Friday 10 January 2014

"Doctor Sleep" by Stephen King


I haven’t posted any reviews on my blog for quite a while as I have been working hard on my debut novel, “Ilona”. I’ve still been constantly reading throughout this time, but I thought it was high time that I started up the blog post again [New Year resolutions etc.].
I re-read “The Shining” late last year and found that it was even better than I remembered. It was one of the books that first made me want to write, along with Alan Garner’s The Owl Service and Harper Lee’s “To Kill a Mockingbird”. I initially read “The Shining” back in 1978 when it was first released in paperback.

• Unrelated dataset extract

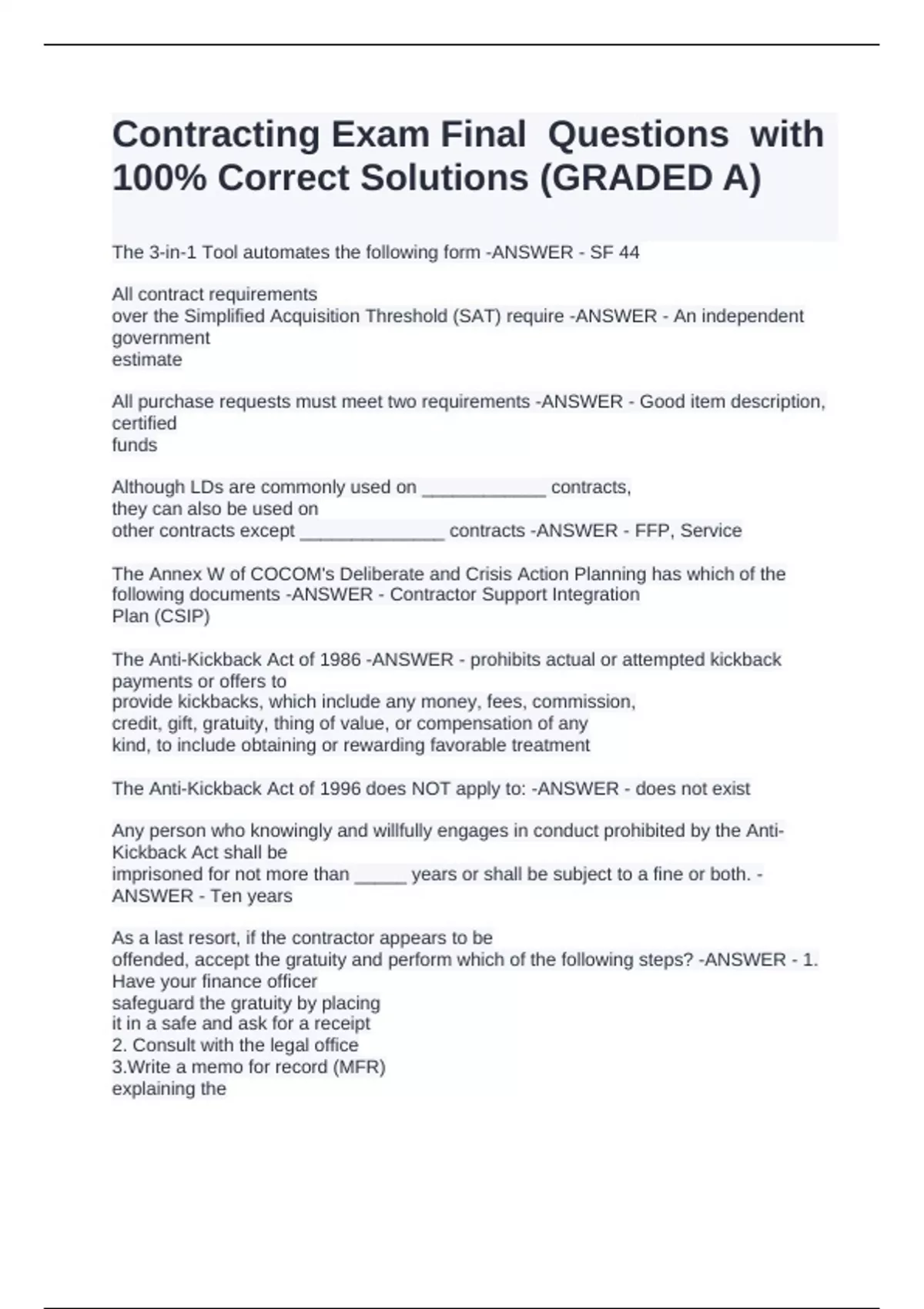 The Anti-Kickback Act of 1986 -ANSWER - prohibits actual or attempted kickback
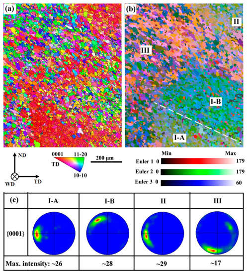 Based on the texture distributions, the triple junction region may be divided into four parts: Regions I-A, I-B, II and III (see Figure 6b). Figure 6c shows that the c-axis is inclined about 19° towards TD in Region I-A, while it is inclined about ~56° towards TD in Region I-B. The angles between the c-axis and TD in Regions II and III are ~22° and ~78°, respectively. It is noted that the c-axis of grains in Region I-B has rotated toward ND compared with Region I-A. Therefore, it is speculated that the formation of triple junction region has a close relationship with screw threads of stir tool []. The screw threads extrude the materials in Region I-B with a vertical stress during FSW, which causes the c-axis of grains in Region I-B rotated toward the ND. However, the detailed formation mechanism of triple junction region is still unknown.

I had pre-ordered it from Webster’s Bookshop in Dorking, having already devoured both “Carrie” and “Salem’s Lot”, and I was so excited to get my hands on a copy on its release. I read it the weekend I got it, finishing it breathless and exhausted in the middle of the night.
To me it was just the perfect novel and I was so disappointed when I saw the Kubrick movie which seemed to lose the essence of King’s intent that Jack Torrance was essentially a good man tormented by inner demons. Jack Nicholson was great in the film but seemed too dark and unhinged from the outset. However I felt that King’s story-telling had reached its peak with Danny, particularly his ability to make you feel the fear through a child’s eyes.  His minor characters were well-written too, particularly Wendy Torrance, Dick Halloran and even Lloyd the bartender.

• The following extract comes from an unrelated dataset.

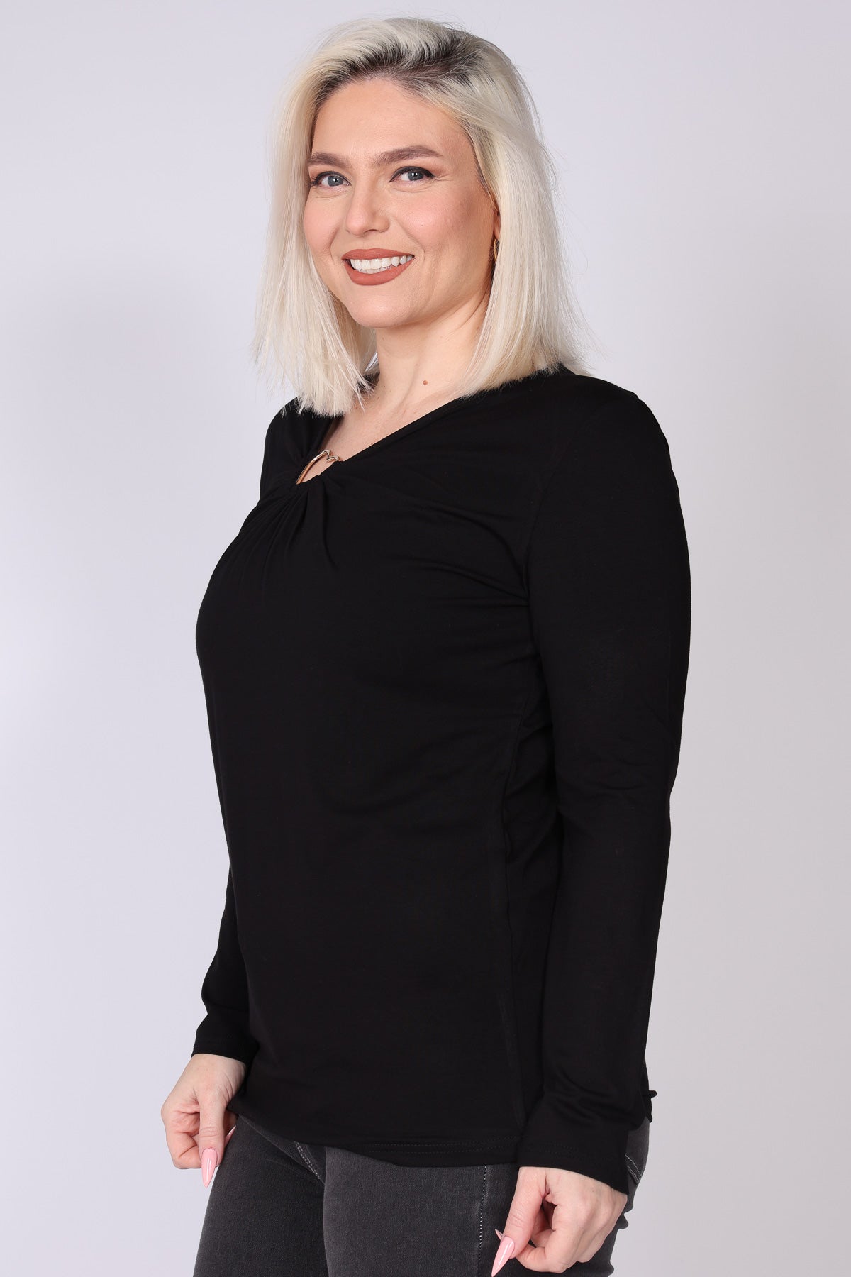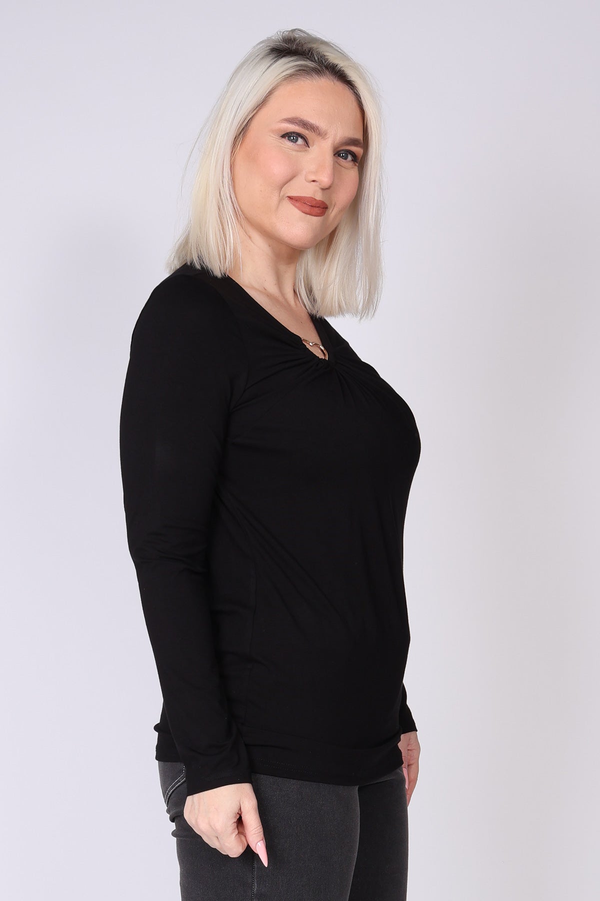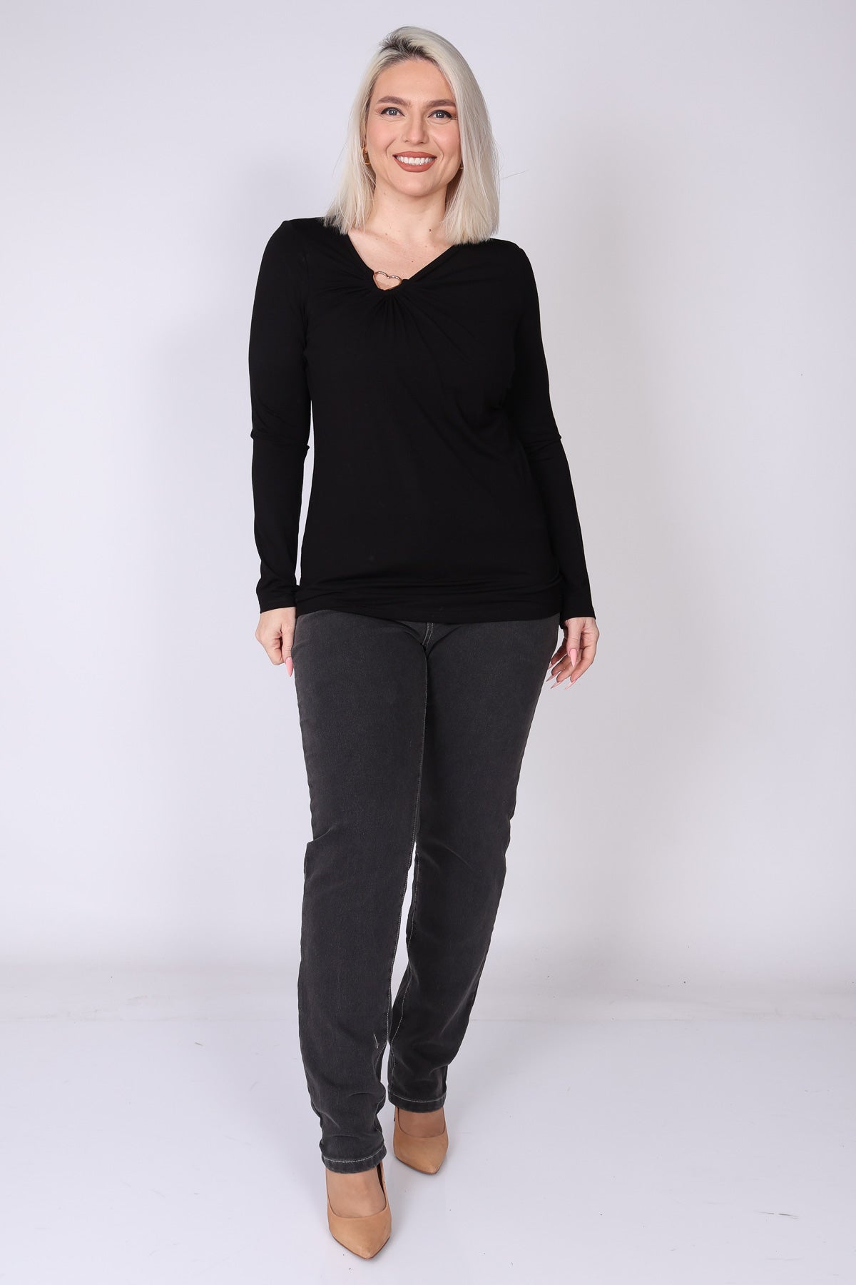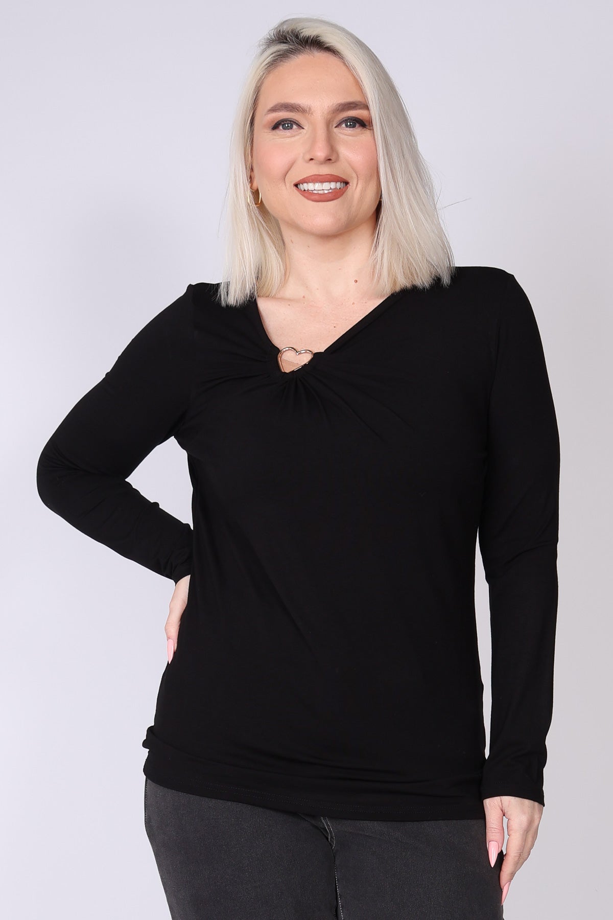 חולצה קלאסית בגזרה ישרה עם שרוולים ארוכים ומפתח צוואר בצורת V, המעוטר באבזם עדין בצורת לב. העיצוב הנקי מקבל טוויסט נשי ומדויק, שמוסיף עניין מבלי להעמיס. הבד רך, גמיש ונעים למגע, ומתאים ללבישה יומיומית לאורך כל היום.

So I had mixed feelings when I initially picked up “Doctor Sleep”, the first being why revisit something that was about as close to perfect as you could get? When I first started reading the novel it took me a while to re-adjust to Danny as an adult, and initially I found the scenes with the True  Knot a bit gratuitously violent, if I’m honest. However, I think I was wrong. I should learn to trust him.

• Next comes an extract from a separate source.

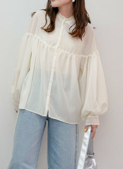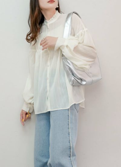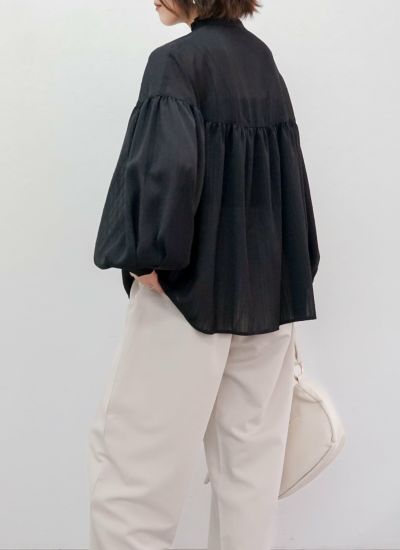 シフォンネップドビーの素材感が魅力のギャザーブラウス。

As usual by about half-way through King had me gripped by the throat, and the pages flew by as I became absorbed in the story. I was transported back to how I felt when I first read “The Stand” and “It”…immersed in his imagination. In “Doctor Sleep” King has fleshed out an utterly convincing cast of characters, from the main protagonists to the minor supporting roles. If I’m being particularly critical I personally would have welcomed more page space being devoted to a few of the supporting characters, particularly Snakebite Andi and The Crow. However, tonally King creates a balanced blend between the warmth of the protagonists and the death-rattling chill of the enemy, the True Knot.
Many reviewers seem to want to compare the novel back to “The Shining” which I suppose is an obvious but ultimately lazy comparison. They are totally different books, written as King himself acknowledges in his Afterword at totally different points in the arc of his career. To my mind “Doctor Sleep” is a far more thoughtful book which worms its way into your psyche rather than going for the proverbial jugular.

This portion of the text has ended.